Опускаем утомительные подробности этого разговора и переносимся в спальню мирно спящего в Грунечкиных объятьях ближайшего друга героя. Никогда не поверил бы Ипполит Мещерский тому человеку, который еще неделю назад сказал бы ему, что и в супружестве бывают приятные стороны. (Читатель со мной согласится, что их не бывает!) Возьмем, например, переезды на дачу. Все эти кастрюли, коробки и пледы! Ну, ладно там дача. А деторожденье? Пока их, несчастных, родишь, воспитаешь, пока им утрешь их носы и проверишь, как он, этот отпрыск, усвоил законы какой-нибудь хоть географии, скажем! А, кстати, к чему их вообще усваивать? И так можно жить. По законам природы.
Короче: Мещерский боялся смертельно. Готов увезти был, готов обесчестить, купить на Кузнецком французскую шляпку, готов был платить за квартиру, но не… Вы поняли все, мой любезный читатель!
Оказалось, что он вовсе ничего не смыслил ни в жизни, ни в лучших ее наслажденьях. Оказалось, что приятнее всего засыпать именно в своей постели, не опасаясь того, что в любую минуту в спальню может нагрянуть разгневанный, хоть и законный супруг. От коего нужно сокрыться в шкафу и даже чихнуть там нельзя: враз отыщут. А нынче? Входи и ложись.

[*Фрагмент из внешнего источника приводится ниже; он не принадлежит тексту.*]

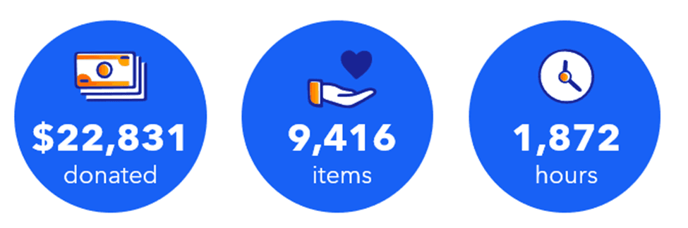 By contributing our time, money and goods, we reached over 225 charitable organizations and impacted over 38,000 lives.
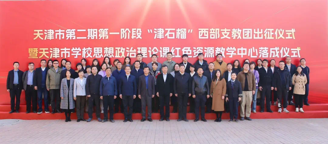 图1:天津市第二期第一阶段“津石榴”西部支教团出征仪式合影
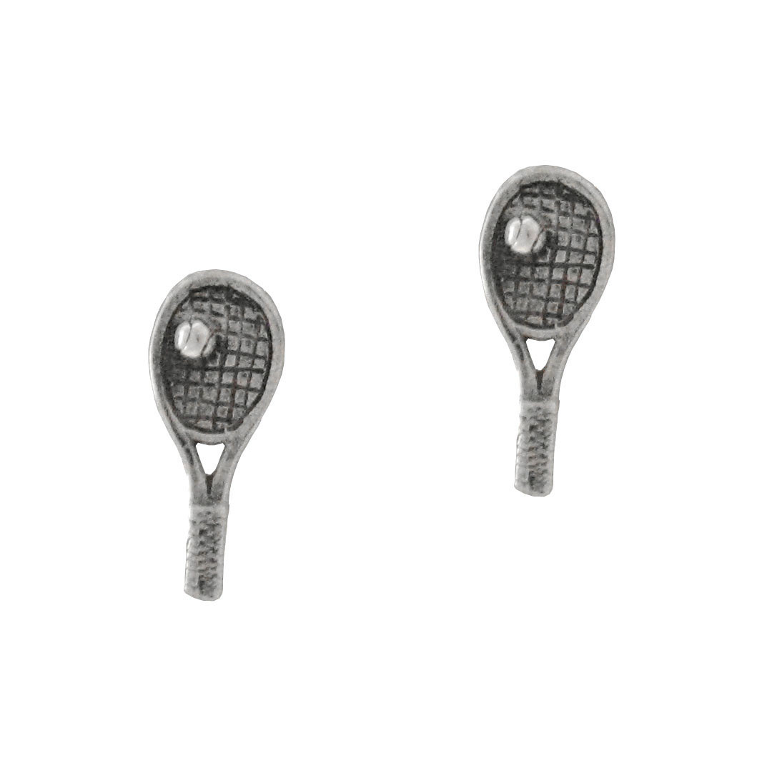 Adorable and very detailed tennis racket post earrings. Antique finish to enhance details. Photo enlarged to show details. Show your love of the game!

А там уже, вся в кружевах, твоя Грунечка. И глазки блестят у лукавой чертовки! Потом еще можно и поговорить. Лежишь, утомившись, и гладишь за ушком, а сам не спеша рассуждаешь о чем-то. Как нам обустроить Россию, Америку. Она тебя слушает, вся замирая. Потом ты ей что-нибудь бухнешь такое! К примеру: «Скажи мне, душа, а вот ранят меня да и принесут без ноги в эту спальню, ты как в этом разе поступишь?» Она зарыдает, начнет уверять, что ей он любой, даже и без ноги, в сто крат драгоценней всех этих двуногих!
Новые горизонты бытия и сознания распахнулись перед Ипполитом Мещерским, и даже когда Грунечка сообщила ему, что на следующей неделе они отправляются на воды в Европу, а после должны перевезти к ним в столицу папашу-смотрителя, чтобы папаша не спился в медвежьем углу и не помер, – он даже и с этим со всем согласился. Ну, воды так воды. И даже папаша отнюдь не помеха семейному счастью.

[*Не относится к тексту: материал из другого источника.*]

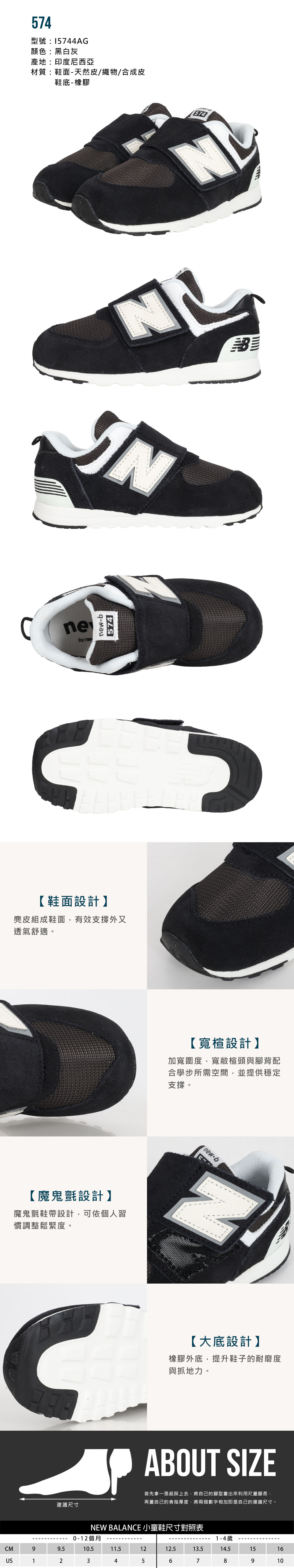 NEW BALANCE 小童復古慢跑鞋-WIDE  @574@ I5744AG - 黑白灰

Вчера проговорили с Грунечкой далеко за полночь. Грунечка пеняла ему на необдуманные расходы и грозилась сама заняться счетами. Он лишь умиленно поддакивал: вот, кажется, крошка, совсем ведь девчушка, а как рассуждает! Когда они наконец замолчали, и Грунечка заснула первой, и личико нежно раскрылось губами, и пряди волос его обволокли, и стало все вместе похоже на розу, и он, чуть дыша, взял цветок сей в ладони и тихо сложил его рядом с собою на той же удобной, семейной подушке, а сам лег, прижавшись к ней, и захрапел, ему, Ипполиту, приснился вдруг сон. Весьма, кстати, странный и очень нелепый. Он увидел своего друга Ивана Петровича Белкина в том возрасте, в котором они вместе играли в пятнашки, будучи соседями. Девятилетний Иван Петрович в хорошенькой белой рубашечке бежал по цветущему лугу с сачком, ловя очень странную птичку. Всмотревшись, Мещерский разглядел, что это не птичка, а бабочка вовсе, но только большая, со злыми глазами. Она и вела себя как-то загадочно. Скосив на невинного мальчика взгляд, она давала ему приблизиться вплотную и тут же, взмахнув ярко-черным крылом, опять улетала. Иван Петрович, залитый слезами отчаянья и желания завладеть именно этим садовым насекомым, бежал, спотыкался и падал. Хорошенькая рубашечка его была вся испачкана землей и местами позеленела от травы, но он не сдавался: бежал и бежал. Когда же он упал в очередной раз, то к нему бросились какие-то люди, принялись поднимать его и что-то очень быстро говорить, но Иван Петрович уже не шевелился и лежал как мертвый.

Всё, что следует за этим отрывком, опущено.